• _Records shown_
--------------------------------
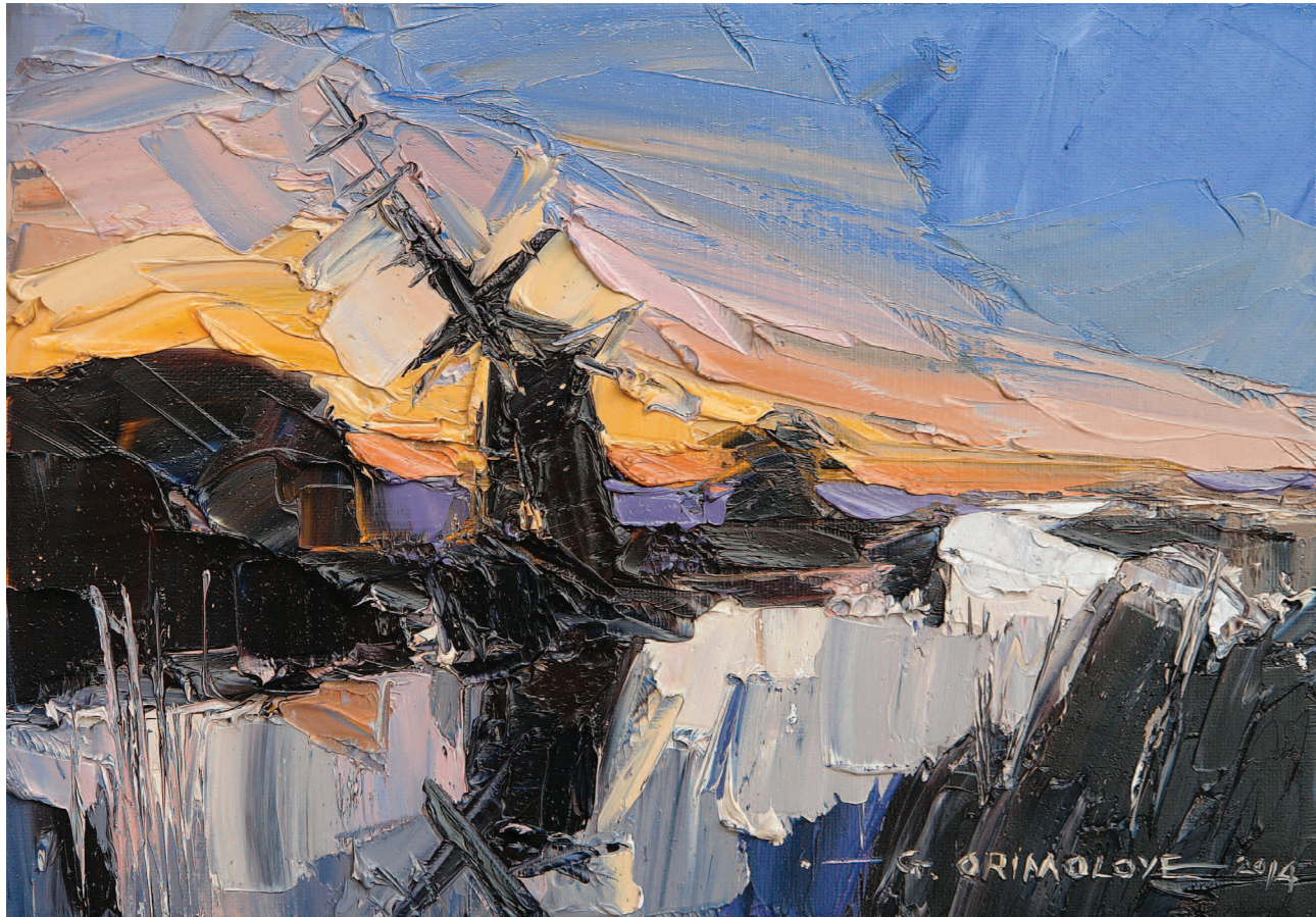
Brograve Mill, Norfolk. Oil on canvas, 2014. 36 x 26 cm
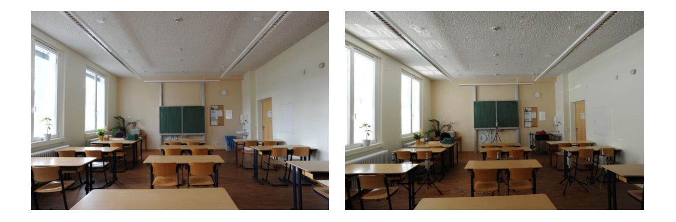
Figure 4: Interior view of Classroom in the Friedrich-Froebel-School under overcast sky (left) and sunny sky with light-directing blinds (right).

Innovative control systems regulate the daylight devices and the electric lighting systems based on comfort and energy efficiency in the building. In the classrooms of the Friedrich-Froebel-School in Olbersdorf such an advanced control strategy was applied. The button "lighting", triggers the activation of controls regarding facade systems and electric lighting. Specifically, this means that compliance with the target illuminance is ensured in the space. This is achieved by the opening of the blinds and adding electric light in case needed. If direct sunlight hits the facade and people are present in the space the louver blinds are moved in a position that no direct sunlight falls into the classroom. Thus, the basic functionality of lighting is delivered, if one activates the button "lighting". Other functions are delivered without intervention of the users. For example if the thermal shading is active the slat angle opens a bit if a person enters to room in order to allow some daylight to penetrate the space.
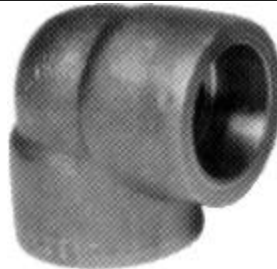
PENN CATALOG F2002 FIG NO. 13001 ASME-B16.11-2001

Click here for the reducing fitting correct ordering practice
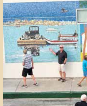
Mural Donor pointing to Balboa Island Ferry
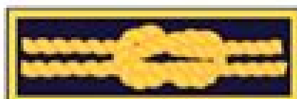
Community Organization Award
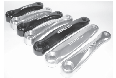
89 - 175mm available

All crankarms are available either with high polished aluminum or black anodized finish.
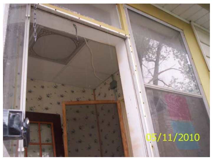
Unapproved electrical wiring on rear porch
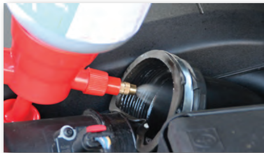
Removal of the fluid pick up pipe for inverted use.

On Variable Nozzle / Vane Turbos, using a Mitivac hand pump to actuate the turbo vanes to raise the turbo to full boost, and cycle the vanes, greatly increases the cleaning action.
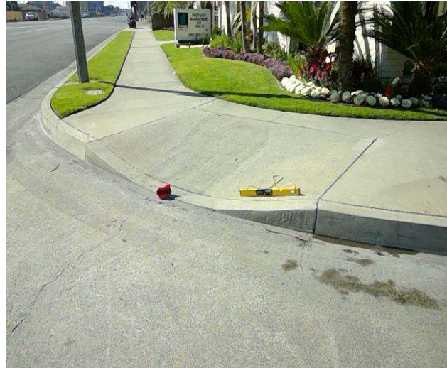
Curb Ramp , Landings and Transitions : Bottom Landing Change in Level - Curb Ramps
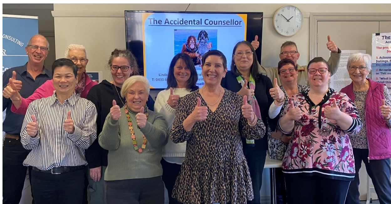
Volunteers and staff participated in Accidental Counsellor training, August 2023.
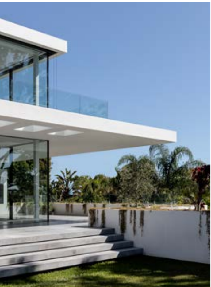
Hampton home, 2020.
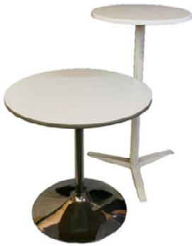
Pedastel and Cruiser Table
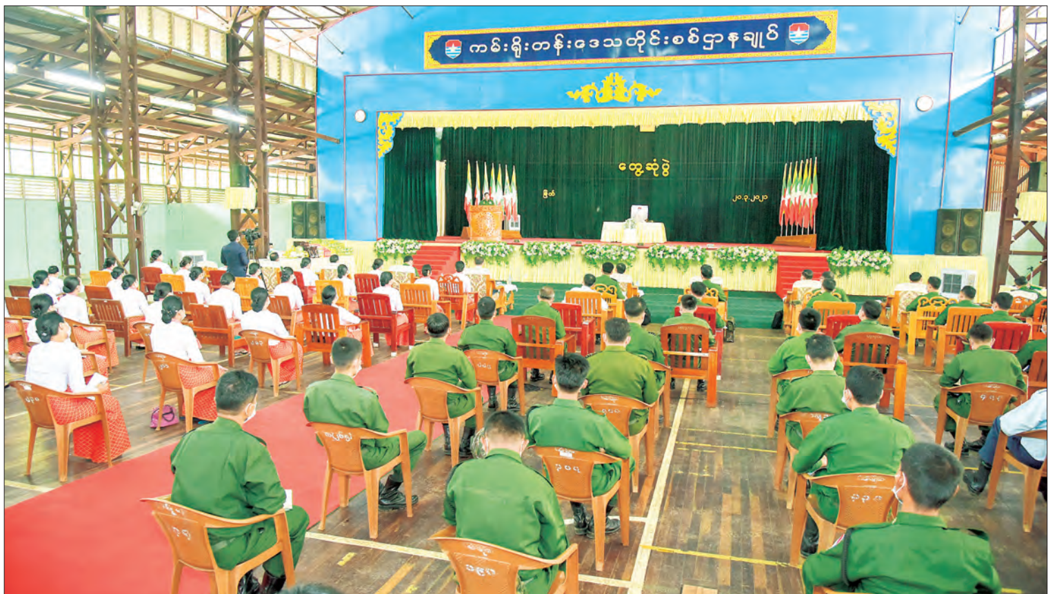
Chairman of the State Administration Council Senior General Min Aung Hlaing meets officers, other ranks and their families in Myeik station.

THE Tatmadaw is carrying out political, social and economic development by assuming State responsibilities in accord with Sections 417 and 418 of the Constitution (2008) as of 1 February 2021 and forming the State Administration Council in line with Section 419. The council temporarily takes responsibilities in a short time to ensure genuine democracy and disciplined and firm democracy. Tatmadaw members need to conscientiously try hard for their works in individuals and must strive for uplifting the prestige of the Tatmadaw, the State and the nationality while improving their individuals and military units, said Chairman of the State Administration Council Commander-in-Chief of Defence Services Senior General Min Aung Hlaing at the separate meetings with officers, other
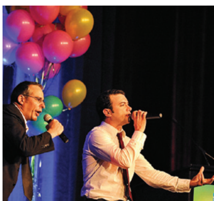
The political humour troupe, Les Zapartistes gave the delegation the opportunity to relax, and take a break for the evening.
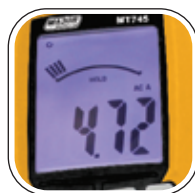
3000 Counts Backlit LCD
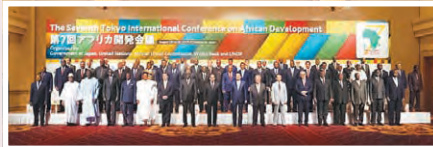
TICAD 7 group photo
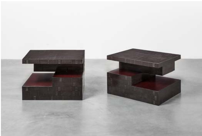
INGRID DONAT | ARTBOOK CHEVET 2011 BRONZE, PARCHMENT H44 L60 W60 CM / H17.3 L23.6 W23.6 IN LIMITED EDITION OF 8 + 4 A
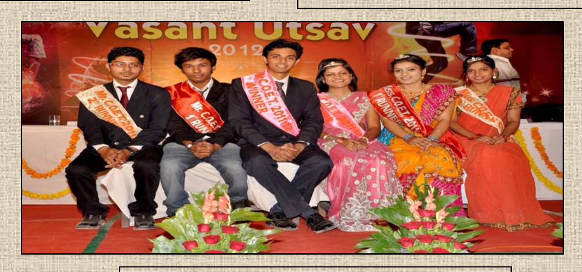
PERSONALITY CONTEST WINNERS
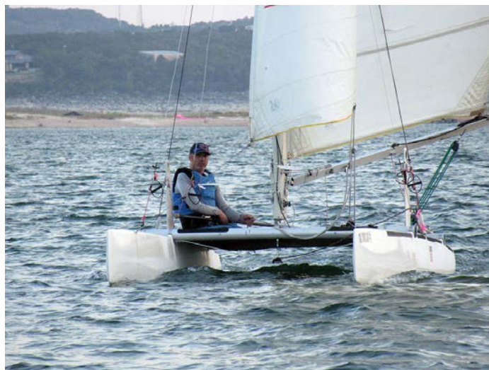
Catamaran Nacra 5.2
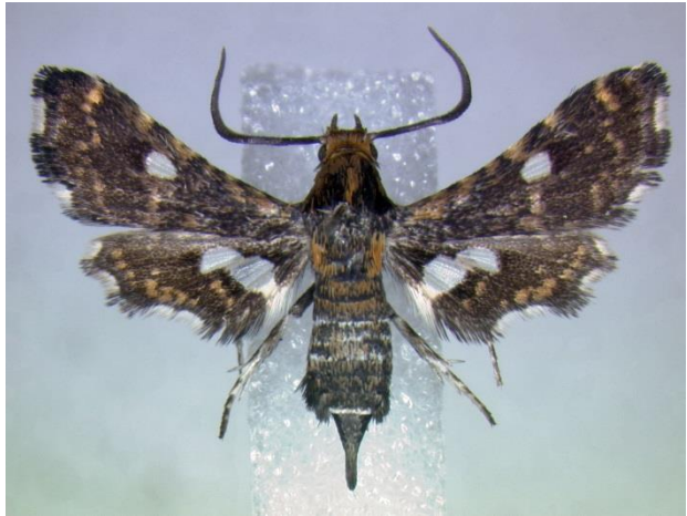
Figure 34. Thyris maculata Lawrence Prairie 8 Aug 2012
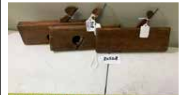
Lot#20528. 3 LR Carter and Donaldson Moulders, Cin. 0
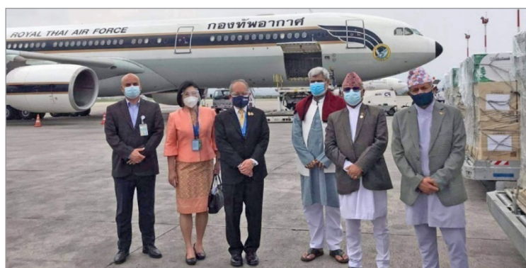
Nepal's Ministers along with Thai Ambassador during the handover ceremony

Queen Suthida Bajrasudhabimalalakshana and Princess Bajrakitiyabha
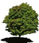
Beaufort Hill Ponds & Woodlands Preservation Society
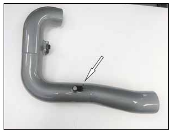
14. Install the provided mounting bracket onto the intake tube as shown using the provided hardware.
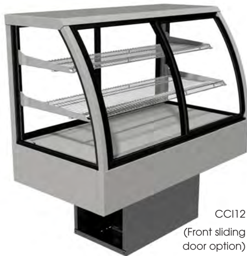
CCI12 (Front sliding door option)
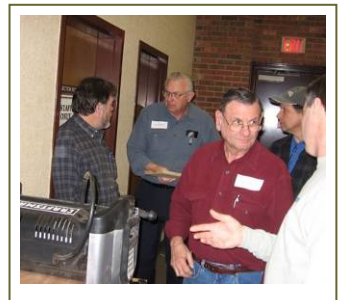
Additional pictures from our March 1 st Club Meeting.
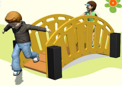
6 Mini Hump Back Bridge
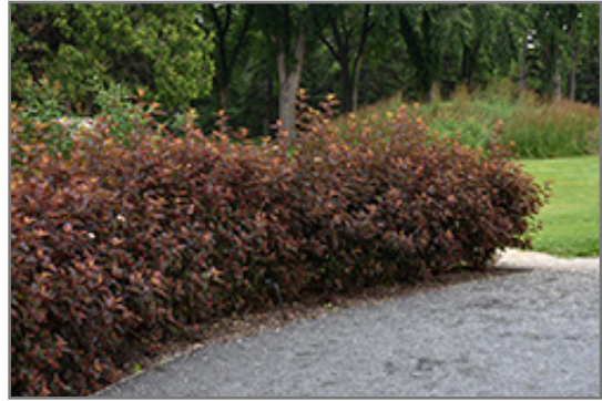
Center Glow Ninebark

This shrub does best in full sun to partial shade. It is very adaptable to both dry and moist locations, and should do just fine under average home landscape conditions. It is not particular as to soil type or pH. It is highly tolerant of urban pollution and will even thrive in inner city environments. This is a selection of a native North American species.
--------------------------------
• _What you have to do_
Find the word "Council" in the entries and show each line where it is found.

• _Task solution_
Chairman of the State Administration Council Senior General Min Aung Hlaing meets officers, other ranks and their families in Myeik station.
THE Tatmadaw is carrying out political, social and economic development by assuming State responsibilities in accord with Sections 417 and 418 of the Constitution (2008) as of 1 February 2021 and forming the State Administration Council in line with Section 419. The council temporarily takes responsibilities in a short time to ensure genuine democracy and disciplined and firm democracy. Tatmadaw members need to conscientiously try hard for their works in individuals and must strive for uplifting the prestige of the Tatmadaw, the State and the nationality while improving their individuals and military units, said Chairman of the State Administration Council Commander-in-Chief of Defence Services Senior General Min Aung Hlaing at the separate meetings with officers, other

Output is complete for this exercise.